>>>

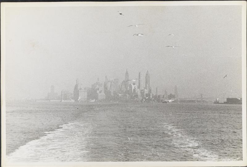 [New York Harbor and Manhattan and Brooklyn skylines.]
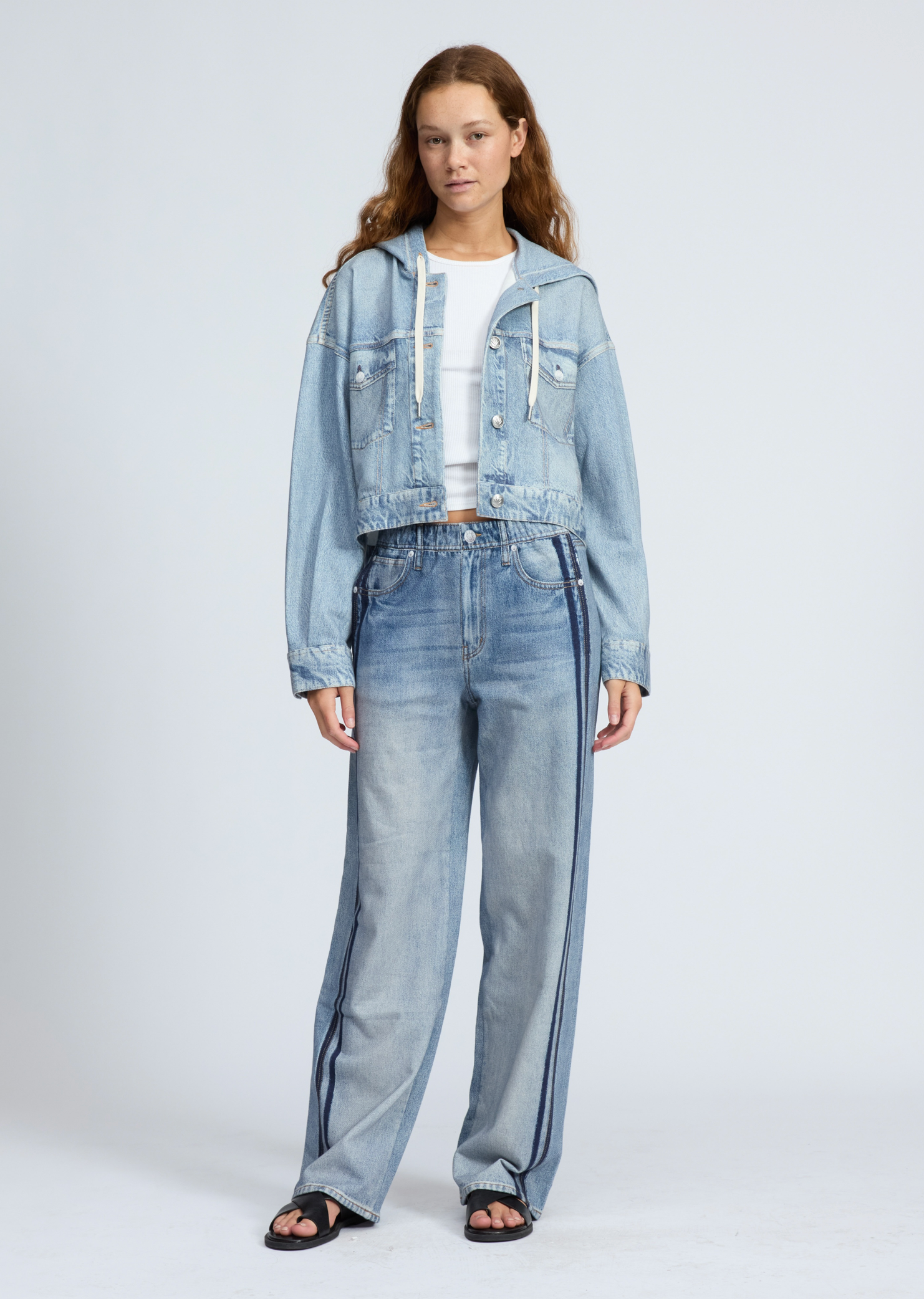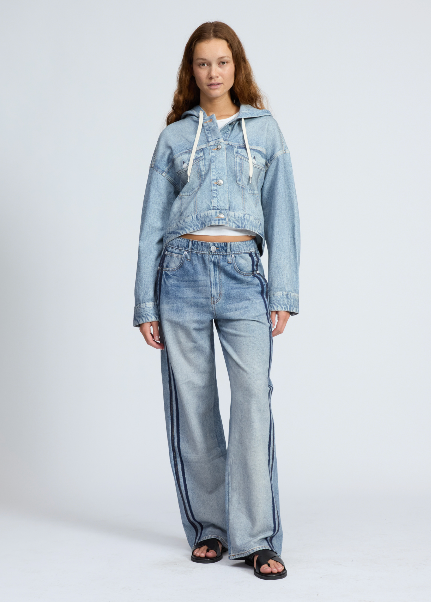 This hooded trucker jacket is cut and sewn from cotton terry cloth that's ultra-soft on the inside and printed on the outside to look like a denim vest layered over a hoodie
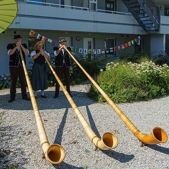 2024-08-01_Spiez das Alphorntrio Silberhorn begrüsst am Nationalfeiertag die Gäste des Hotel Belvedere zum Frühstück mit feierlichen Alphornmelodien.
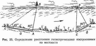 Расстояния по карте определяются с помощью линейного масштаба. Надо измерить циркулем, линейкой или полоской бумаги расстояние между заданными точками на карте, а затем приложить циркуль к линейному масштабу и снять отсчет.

<<<

*TASK TO COMPLETE:* Reprint the whole listing verbatim except for the pictures.

*TASK RESULT:*
 [New York Harbor and Manhattan and Brooklyn skylines.]
 This hooded trucker jacket is cut and sewn from cotton terry cloth that's ultra-soft on the inside and printed on the outside to look like a denim vest layered over a hoodie
 2024-08-01_Spiez das Alphorntrio Silberhorn begrüsst am Nationalfeiertag die Gäste des Hotel Belvedere zum Frühstück mit feierlichen Alphornmelodien.
 Расстояния по карте определяются с помощью линейного масштаба. Надо измерить циркулем, линейкой или полоской бумаги расстояние между заданными точками на карте, а затем приложить циркуль к линейному масштабу и снять отсчет.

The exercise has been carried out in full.